Patrick O’Neil was looking to rent a community garden plot when he stumbled across a project that has consumed most of his summer.

O’Neil learned of the Children’s Memorial Garden when he visited Bozeman Parks and Recreation to ask about a garden plot. None were available, but an employee suggested he check out another spot in need of care.

The memorial garden was built in 2002 in Westlake Park by the Compassionate Friends of Bozeman. It’s meant to honor and remember children who passed away in the Bozeman area. A plaque in the garden lists their names.

The local group disbanded and the garden was left unmaintained. Weeds have infiltrated the garden beds and the walkway throughout is covered in debris.

O’Neil has lived near the park for five years and said he didn’t even know the memorial garden existed. He said it had become so overgrown with weeds that he couldn’t see the plaque stating its purpose.

Mitch Overton, director of parks and recreation, said his department does not have the staff or resources to manage the park. When O’Neil heard that no one was doing the upkeep, he knew he had to help.

“I said, ‘OK, I’ve heard enough, consider it done. I’ll take care of it,’” O’Neil said.

O’Neil said he has spent hours working in the garden almost every day since. Overton said the parks department would do its best to help by providing water and disposing of debris.

The garden isn’t large, but is filled with vegetation. O’Neil said the weeds are too thick for weed trimmers, so he’s been using his hands. Having a hard time with plant identification, he went looking for help.

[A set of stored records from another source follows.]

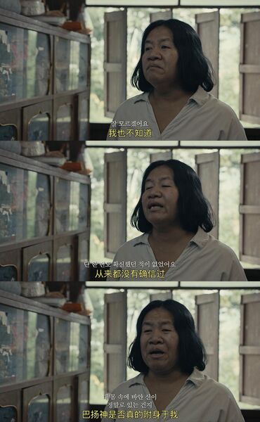 她以为她所感受到的存在是妹妹口中所说的“巴扬神”,还企图依靠这股力量对抗女儿身上的恶灵。
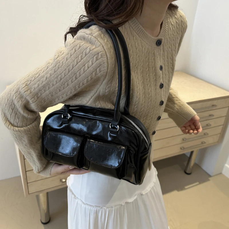 Vintage Simple Ladies Commute Tote Bag Women Business Shoulder Bags Pu Leather Female Underarm Burgundy Large Handbags Purse
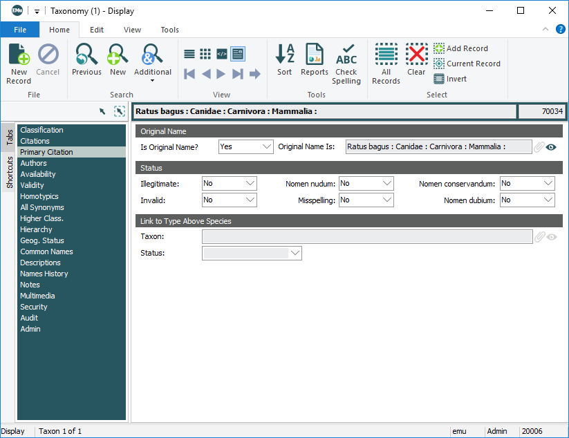 As we see above, when the record is saved the scientific name will display in the Original Name Is: (Original name) field (which is read-only).
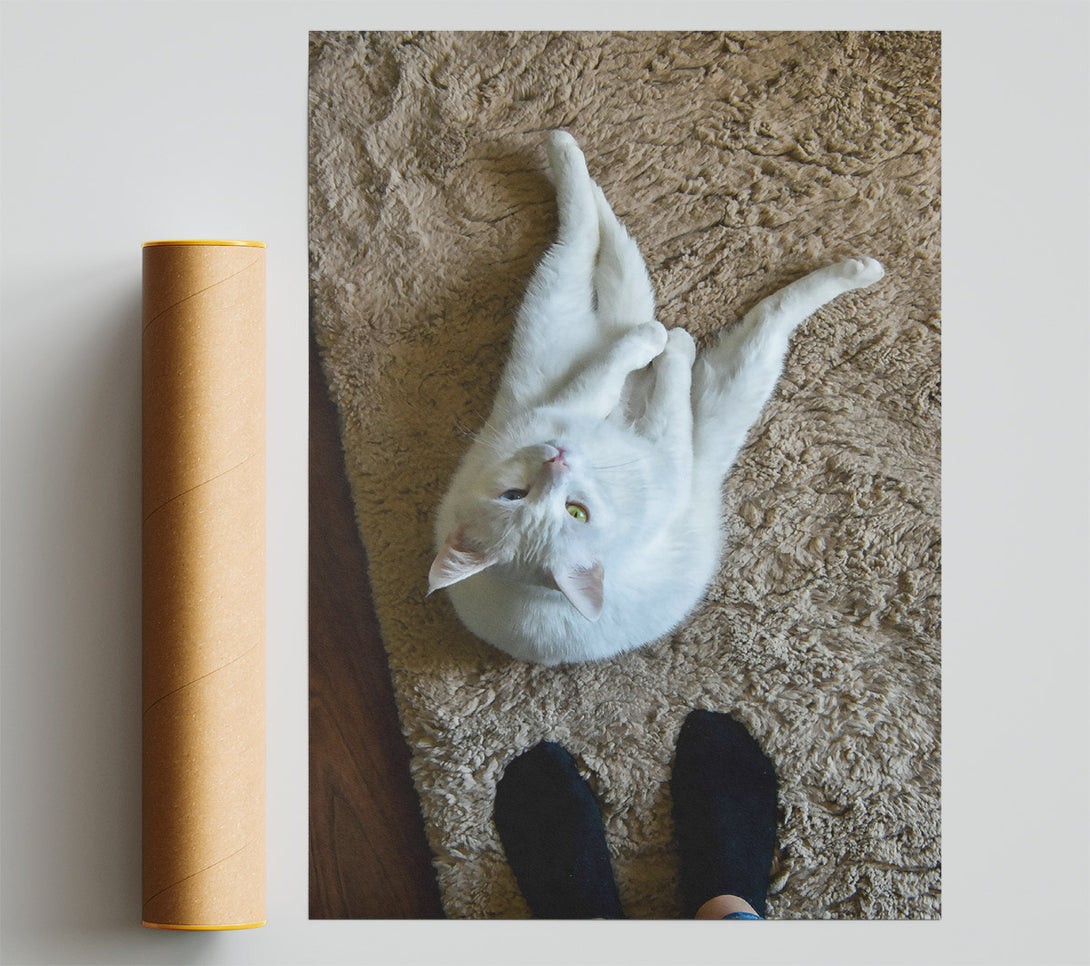 Our White Cat On Tan Rug Poster is printed 260 GSM premium lustre paper that offers vibrant colours and exceptional detail.
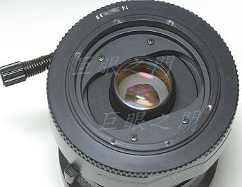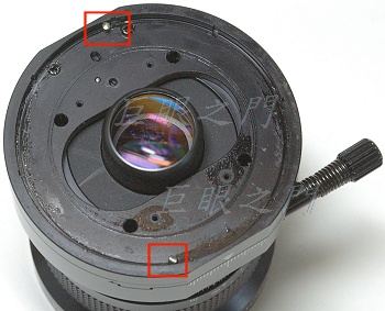 裡面的外觀,有兩顆圓柱狀的小柱子,與尾巴的彈簧配合,是轉動時定位用的,此鏡每 45 度有個定位點,作為定位垂直水平之用。
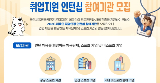 국민체육진흥공단이 은퇴 체육인의 안정적 사회 진출과 원활한 경력 전환 지원을 위해 추진하는 '2026년 체육인 직업안정 사업'에 함께할 기관을 모집한다.
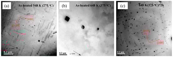 Figure 11 displays the dispersoid precipitation sequences in the dislocation presence in the deformed alloys. After subjecting the deformed alloy to heating at 275 °C, both β’ precipitates in the [001]Al zone axis and dislocations in [011]Al zone axis were observed (Figure 11a,b). When the deformed alloy was held at 648 K (375 °C), the β’ precipitates were dissolved and numerous dislocations were still present within the aluminum matrix. With further increase in holding time, the dispersoids and dislocations coexisted within the aluminum matrix (Figure 11c). Interestingly, most of the dispersoids precipitated along dislocation lines (Figure 11c). Due to the presence of numerous dislocations, the rapid diffusion of alloying elements weakened the advantage of local Si enrichment resulting from the dissolution of β’ precipitates for α-Al(MnFe)Si dispersoid nucleation [5].
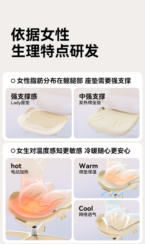 這是人體工學(xué)第一次把“溫感科學(xué)”納入久坐健康系統(tǒng),是西昊對(duì)女性的真正關(guān)懷。
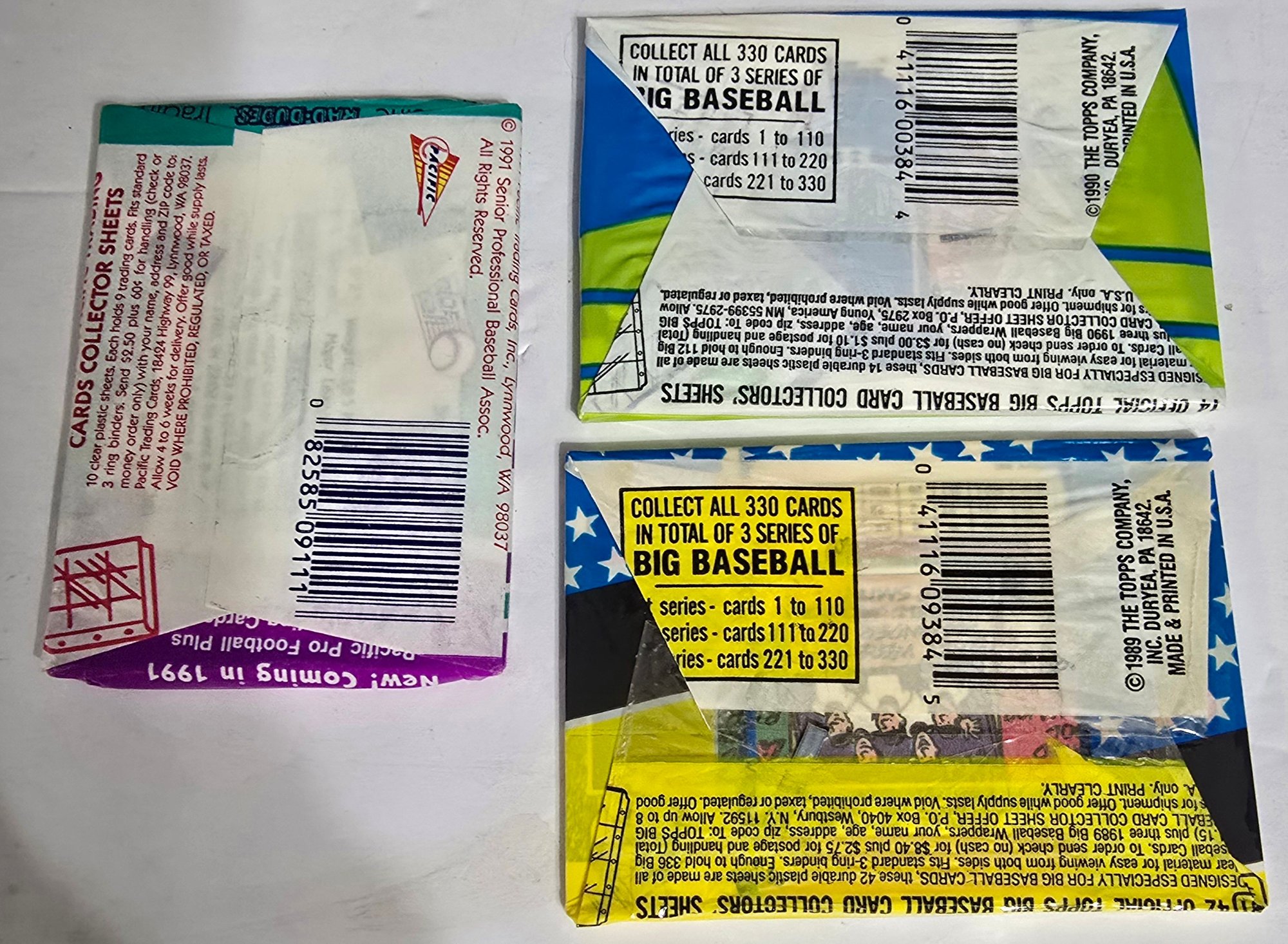 Vintage unopened packs of Topps Big Baseball cards from the late 1980s and early 1990s. Please see all pics for details.

Zelpha Boyd has been caring for the garden at Gallatin Rest Home for about a decade. She’s part of the Gallatin Empire Garden Club and said she’s had a green thumb her whole life. O’Neil met Boyd by chance, and asked her questions about gardening.

The two formed a partnership.

Boyd has since been spending a few days every week helping with O’Neil’s revitalization effort.

“I got really involved because it’s such a worthwhile cause,” Boyd said.

O’Neil said he hopes the project becomes more collaborative. He’s gotten help from Boyd and a neighbor who provided sunflower seeds. He said he hopes to get more volunteers and support.

For now, O’Neil and Boyd will continue chipping away at the project. Their hard work is beginning to show.

“Between the two of us, we’re making good progress. We’re about three-quarters of the way through,” O’Neil said.